Mas o Google deu um passo adiante e promoveu ativamente a narrativa de que apenas grandes empresas de mídia se beneficiam do Australian Media Code. Esta alegação é falsa: tanto os grandes meios de comunicação de propriedade de Rupert Murdoch quanto as pequenas organizações de mídia na Austrália se beneficiaram da lei. A Country Press Australia, uma associação industrial que representa mais de 100 agências de notícias locais e regionais, e a Minderoo Foundation têm trabalhado com a pequena mídia para facilitar a negociação coletiva.
Embora o Código de Mídia não seja perfeito, é uma ferramenta valiosa que deve ser fortalecida, não atacada. Uma das críticas à lei australiana é que os pagamentos feitos por empresas de tecnologia a empresas de mídia são mantidos em segredo. A versão canadense do código, se promulgada, melhoraria a transparência ao exigir que as organizações de notícias divulguem essas informações aos reguladores (mas não ao público em geral). O projeto de lei canadense também estabelece critérios de elegibilidade que exigem que a mídia atenda a certos padrões editoriais e empregue pelo menos dois funcionários em tempo integral. Além disso, os veículos qualificados teriam de apresentar relatórios anuais ao regulador.
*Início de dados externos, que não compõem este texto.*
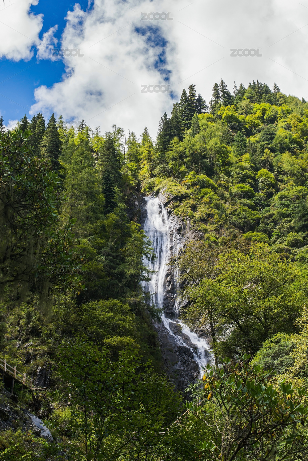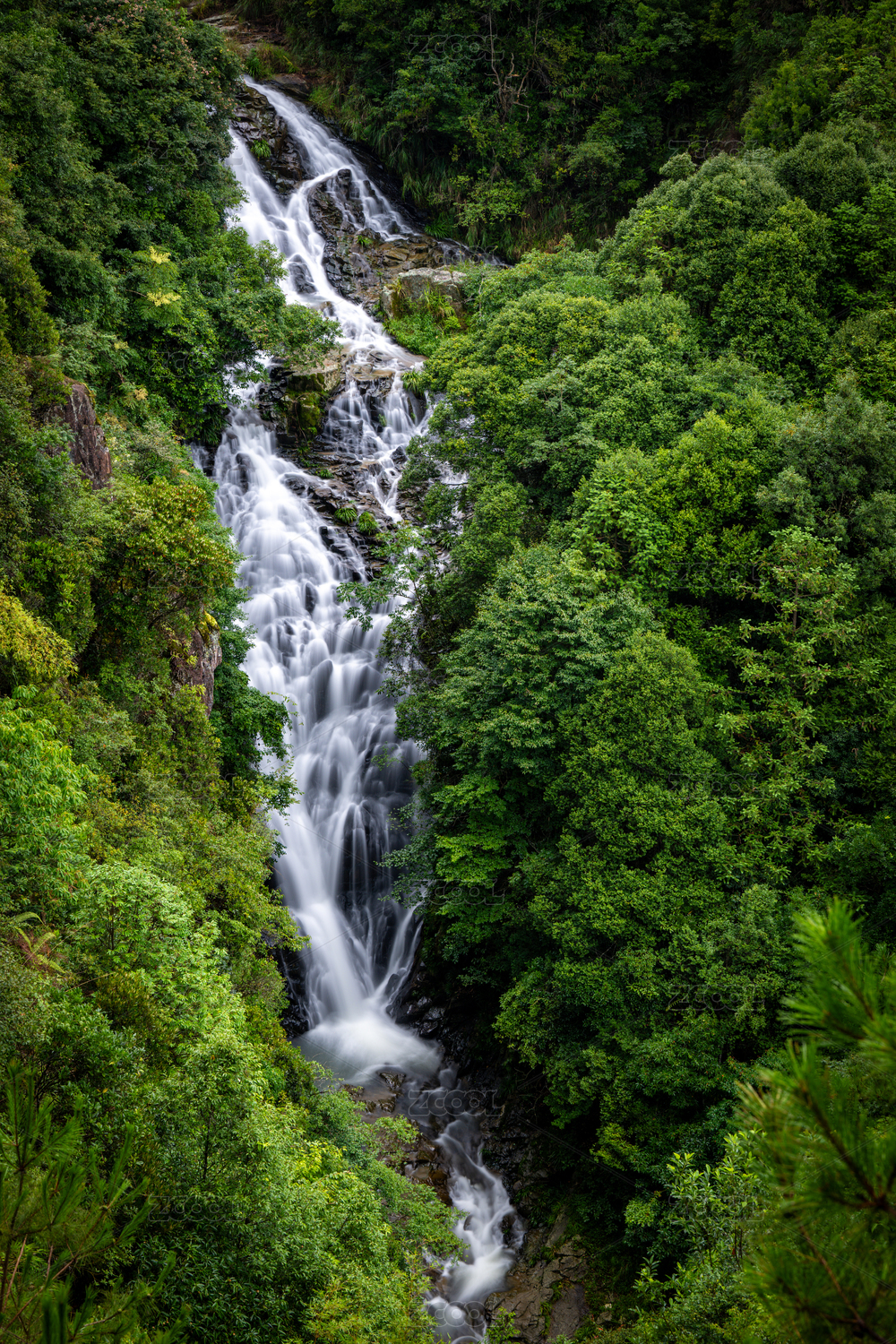掩映在山林中的一处两叠瀑布

Versões futuras do Código de Mídia devem incluir disposições que exijam a divulgação de acordos entre organizações de mídia e empresas de tecnologia. Informações sobre como as plataformas digitais calculam o valor das mensagens que distribuem e como estabelecem seu cronograma de pagamento também devem estar disponíveis ao público. Esse nível de transparência é fundamental para garantir que os editores de notícias sejam tratados de forma justa.
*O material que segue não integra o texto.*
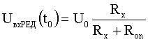Работает предлагаемое устройство следующим образом (см. временные диаграммы фиг.3). Напряжение в виде прямоугольных импульсов с выхода ОИ 1 поступает на один вывод опорного резистора 2 и одновременно на вход формирователя импульса запоминания ФИЗ 3. С второго вывода опорного резистора 2 напряжение поступает на вход РЕД 4, при чем вывод емкости связи и второй вход РЕД заземлены, а также на вход устройства выборки хранения УВХ 5. Импульс с выхода ФИЗ 3 поступает на управляющий вход УВХ 5. В момент появления напряжения на выходе ОИ 1 (t0) начинается процесс зарядки емкости связи РЕД по цепи Ron, Rx, R0-Rx, и формируется импульс запоминания. Напряжение на входе РЕД в этот момент описывается выражением . УВХ 5 в момент действия импульса запоминания (t0) фиксирует значение напряжения на входе РЕД 4, пропорциональное сопротивлениям одного плеча РЕД и опорному сопротивлению.

Além disso, a mídia menor deve ser incluída nesses códigos, como enfatizaram organizações de mídia como a Fundação de Notícias de Interesse Público do Reino Unido, o Fórum Nacional de Editores da África do Sul e a Associação Brasileira de Jornalismo Digital. Por sua vez, os governos devem abster-se de consolidar os códigos em leis abrangentes que restrinjam a liberdade de expressão e permitam que o Estado censure o conteúdo das notícias.
As táticas do Google, como observou recentemente a jornalista brasileira Natalia Viana, provocaram uma reação contra a empresa. As autoridades brasileiras estão investigando a empresa sobre possíveis “práticas abusivas” relacionadas ao lobby contra a versão brasileira do projeto de lei. Não foi até o início de maio, pouco antes da votação agendada, que o Google mudou seus resultados de pesquisa para que os usuários que digitassem as pesquisas obtivessem resultados alegando que a lei proposta arruinaria a internet.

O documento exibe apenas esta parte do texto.